German citizen Khalid el-Masri was similarly kidnapped and tortured in a case of mistaken identity. He was then released on a desolate road in Albania with no money, no identification, only the clothes on his back, and no passport. He was detained there as a terrorist due to his unkempt appearance and general lack of documents. He eventually sued (by video — same mistaken identity resulted in him being denied entry to the US) which suit was dismissed.

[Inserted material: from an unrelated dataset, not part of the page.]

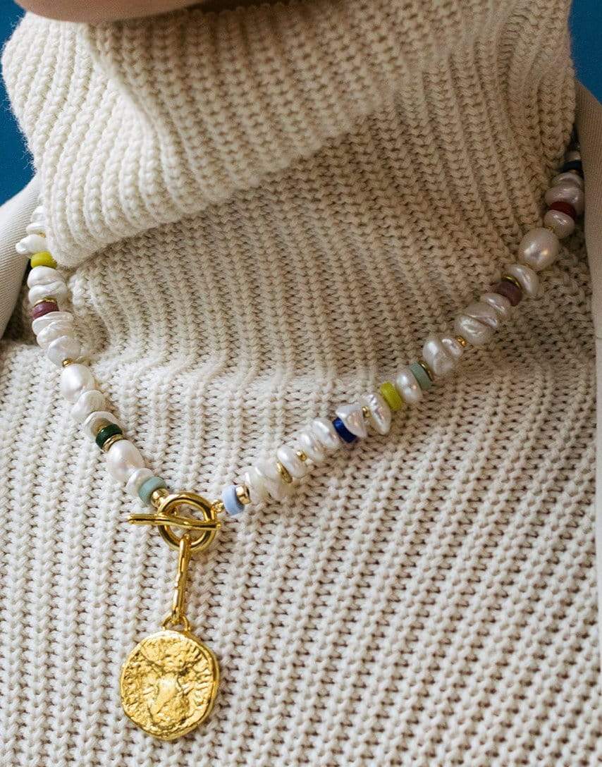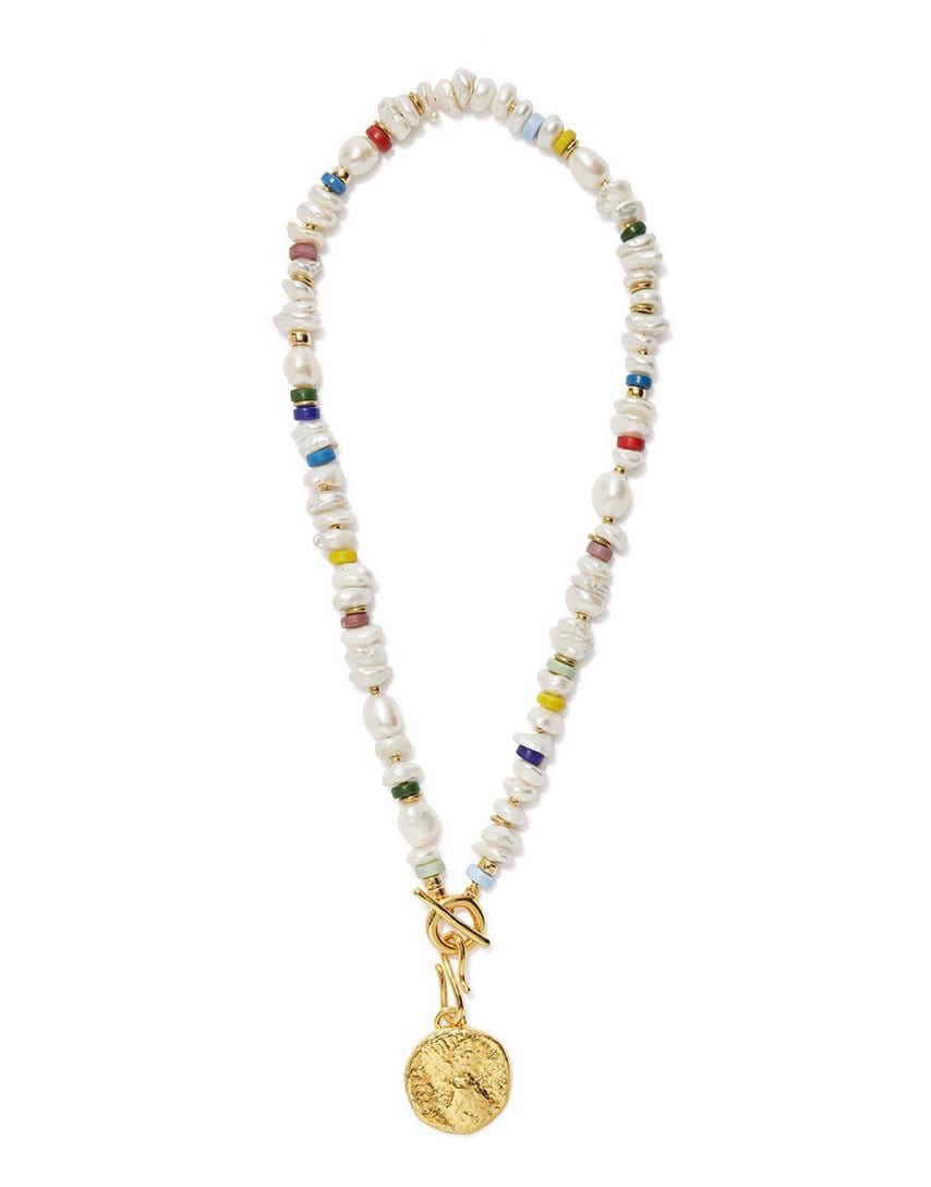 Lizzie Fortunato petra coin necklace. A party-ready strand finished with a cast antique coin pendant, the Petra is a perfect mix of modern whimsy and timeless, old-world charm. With multicolored glass and freshwater pearl beads and gold-plated toggle closure.

This suit was dismissed without being heard because it “would present a grave risk to national security.”

The state secrets exception has a long history of being used to cover up government embarrassment. You can read more about it here:


zeev says:

ironic isn't it.

the same legal industry whose gross neglect , and desire to make money by fees, has led to the banking and mortgage nightmare we have before us=—-has some good side to it.

here, there are lawyers working in a good way to promote restraint of government. this is the kind of work that earns the legal profession it’s reputation for being an essential component of a thriving classically liberal and libertarian society. lawyers are supposed to traditionally be part of a society that restrains criminal behavior by government, at the highest levels.

unfortunately over the past 2 decades of over-lawyering , nuisance lawsuits, and corporate and insurance lawyering, the american legal industry has mostly had a parasitic effect upon most of america. i’m glad there are still some lawyers fighting the government for basic liberty of american citizens from government coercion.